The SDC uses Amazon Web Services (AWS) as the solution for cloud infrastructure used for data processing. Amongst cloud vendors, AWS was chosen mostly because of its popularity within scientific software applications. Other cloud vendors such as Microsoft Azure and Google Cloud were not really considered.

AWS was chosen over an on-prem architecture due to the general movement within the community to move data processing and storage to the cloud.

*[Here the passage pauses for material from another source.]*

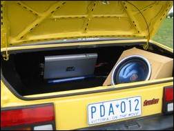 Pioneer DEH-2450 CD Headunit, Alpine Type S 6 1/2 inch 2 way splits (front), Alpine Type R 6 1/2 inch 2 way (rear), Clarion V-NET 4150 amp (4x150 watts RMS @ 4ohms), Kenwood Tornado Sub 800watts (400RMS). |
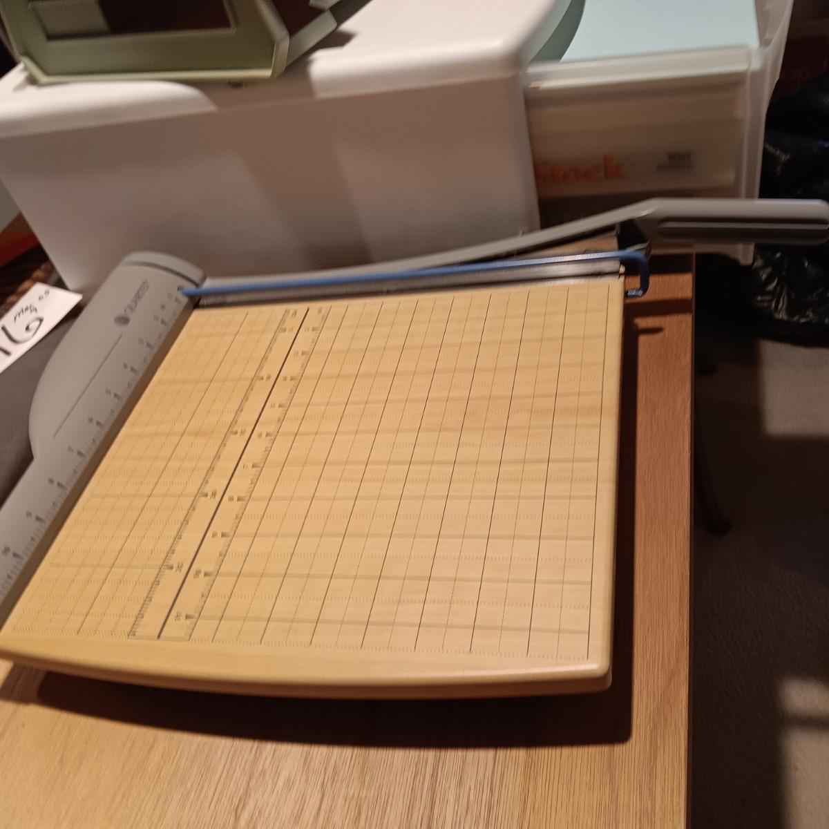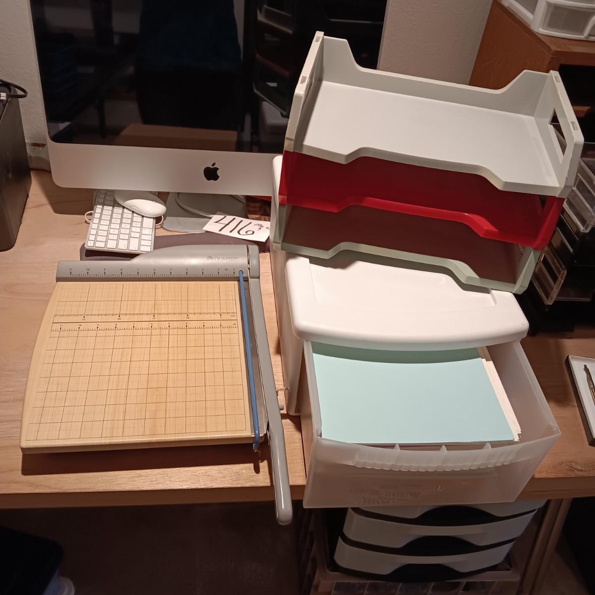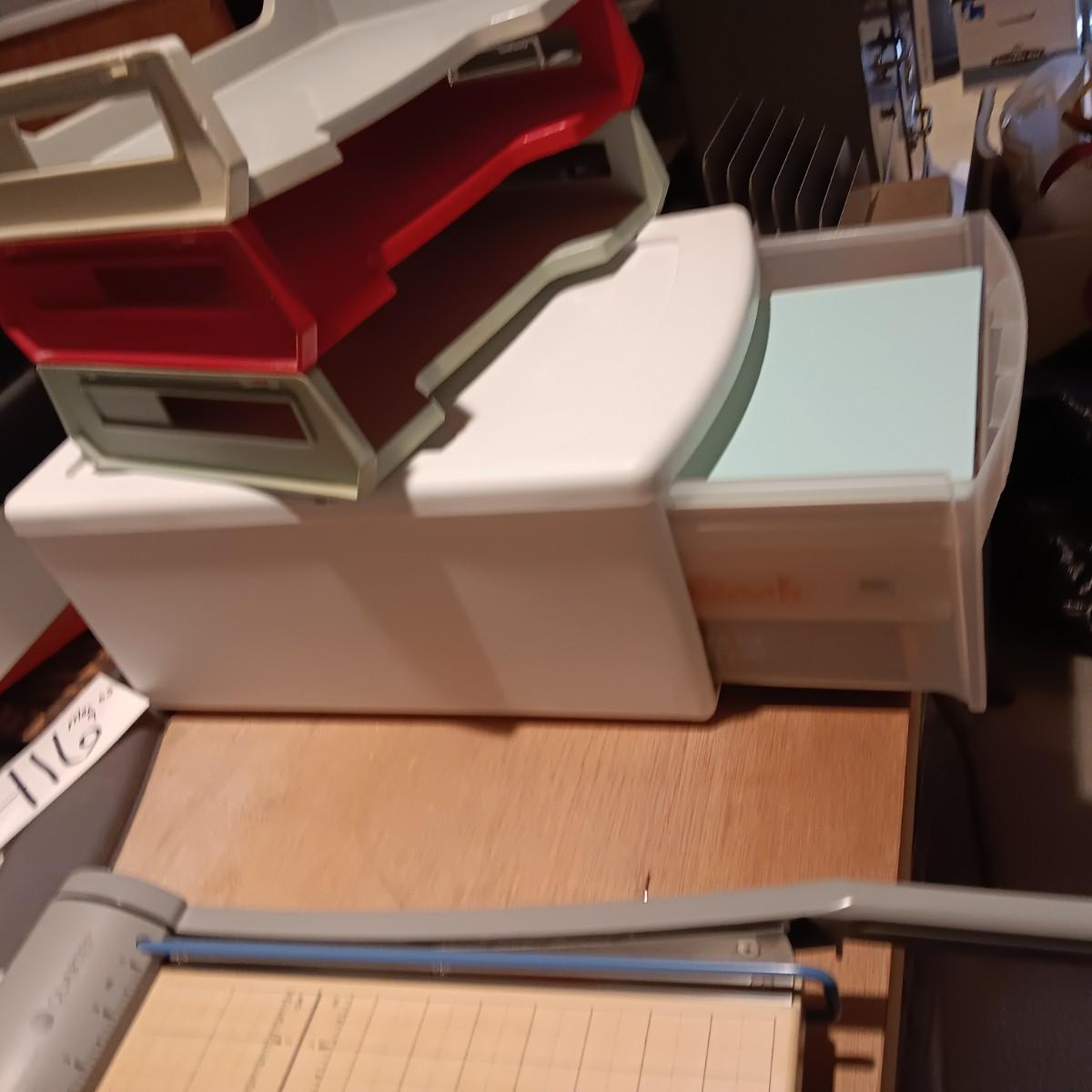 VERY NICE QUARTET PAPER CUTTER, DRAW FULL OF COPY PAPER AND DESK ORGANIZERS

The following sections describe the particular cloud services used in the SDC:

CDK#

API Gateway#

Lambda#

Batch#

EventBridge#

RDS#

RDS was famously chosen after an extremely lengthy discussion going back-and-forth on pros and cons of various database technologies (OpenSearch and DynamoDB were the other major considerations). RDS was ultimately chosen for being the “old reliable” option, as it has been extensively used and is extremely well documented.

S3#

cdflib + Xarray#

The Python xarray and cdflib libraries are used for creating data structures for IMAP data and reading/writing those data structures to CDF files, respectively. cdflib was chosen for CDF file I/O because of its convenient xarray_to_cdf() and cdf_to_xarray() functions. Additionally, the main developer for cdflib (Bryan Harter) is also a developer for the IMAP SDC, and so there is a lot of in-house knowledge of the library. xarray was chosen for its support of data structures that closely match the format of CDF files (i.e. use of data variables, data attributes, time coordinates, etc.).

Common Data Format#

The Common Data Format (CDF) was selected as the file format for IMAP data from requirements. CDF is a widely used data format within the Heliophsyics community. This decision was based purely on requirements. As such, no other data formats were considered.

Docker#

GitHub#

The SDC uses GitHub for version controlling its software, as well as keeping track of development tasks (i.e. GitHub Issues) and progress (i.e. GitHub Projects), and performing code reviews. GitHub was chosen over other solutions like GitLab and Bitbucket mainly for its collaborative features and unlimited free public repositories. As the IMAP SDC strives to comply with the NASA SMD SPD-41a policies, (adopted in 2022) this open-source collaborative GitHub solution made the most sense.

Poetry#

Pytest#

The pytest python library was chosen for writing and executing unit tests. This library was chosen because it has a large and active community of users, is well documented, and has several features that allow for a robust testing framework (e.g. fixtures, parametrized testing, object mocking, etc.). There are other tools/libraries for unit testing in Python (e.g. unittest, nose, etc.), but those were not really considered.

Python#

The SDC uses Python as the primary programming language for the implementation of the vast majority of the system and its ancillary tools. A few other languages are supported for Level 3 algorithm development containers, and a lot of the SDC cloud infrastructure is built with AWS CDK, but otherwise everything is written in Python. Python was chosen mostly because at the time of development, it was the most widely used and supported language for scientific software development, and the main programming language used within the Data Systems group at LASP.

Space Packet Parser#

The SDC uses the space_packet_parser library for the decommutation of CCSDS packets and processing L0-level data. This library was chosen for its support of XTCE format for telemetry definitions. Another benefit to using this library is that it was developed and is actively maintained in-house here in Data Systems at LASP (Gavin Medley), and so the library can be updated to help meet the needs of the IMAP SDC. The other option for packet decommutation would have been CCSDSPy.

Sphinx + ReadTheDocs#

The SDC uses the Python sphinx library for generating project documentation as well as reference documentation that gets automatically rendered from code docstrings. ReadTheDocs is used to host the documentation via the HTML files that sphinx generates. Together, these tools product the ‘official’ IMAP SDC documentation.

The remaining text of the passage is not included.